Reducing trade barriers can lead to increased economic growth and gains for consumers and workers, however the barriers between the U.S. and Europe are already very low in almost all cases. This means that the potential for further gains are limited. This deal is primarily about imposing a set of regulations on both continents, some of which may be improvements, but many of which will be designed to serve the business interests who are in on the negotiations. They hope to accomplish through a "trade" deal what may not be possible through the normal democratic process.
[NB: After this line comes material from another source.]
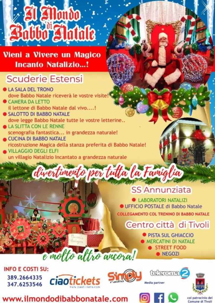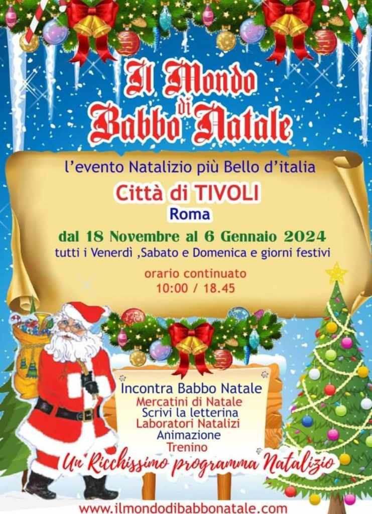 Il Comune di Tivoli ha deliberato un’offerta di intrattenimento natalizio davvero speciale per il 2023, che porterà la magia delle festività direttamente in città. Da novembre 18 a gennaio 6, saranno previste numerose occasioni per i più piccoli di incontrare Babbo Natale e immergersi completamente nell’atmosfera natalizia.

And they won't hesitate to sell this backdoor sleaze as a "job creator."

Comments (9)Add Comment
written by Last Mover, May 30, 2014 6:56

If an all American loser liberal couple like Steve and Cokie Roberts can lie through their teeth on an economic issue like this, why shouldn't anyone be allowed to lie about it?
The answer to the question posed in your title...
written by Bill H, May 30, 2014 8:51
...is that it is permissible to lie in any part of the political arena. In fact, we expect it. "I will change the way things are done in Washington" is followed not only by appointing lobyists to the cabinet, but by retaining members of the previous, Republican, cabinet and no one is either surprised or outraged.

So firmly have the oligarchs become in control that they are no longer even subtle about their lying, nor do they even pretend to keep promises or pretend that they are not lying. It no longer matters.
written by JDM, May 30, 2014 8:52
A companion question to why is it acceptable to lie to promote trade deals is why is it necessary to lie to promote trade deals. The fact is that it's necessary because truth would turn voters against the deals and those who promote them, and then it becomes acceptable to lie because rich, entrenched groups want these deals so they will be further enriched. And much of our news media is the victim of cognitive capture.
written by John, May 30, 2014 8:54
Not exactly true. Barriers to trade between Europe and USA are rather high. Bring an item into Europe from the US and you get awarded upwards of 21% in taxes. The trick the EU plays is they tie customs duties with VAT. Either way you slice it it is a very high tariff. Remember, other countries have industrial policies in place.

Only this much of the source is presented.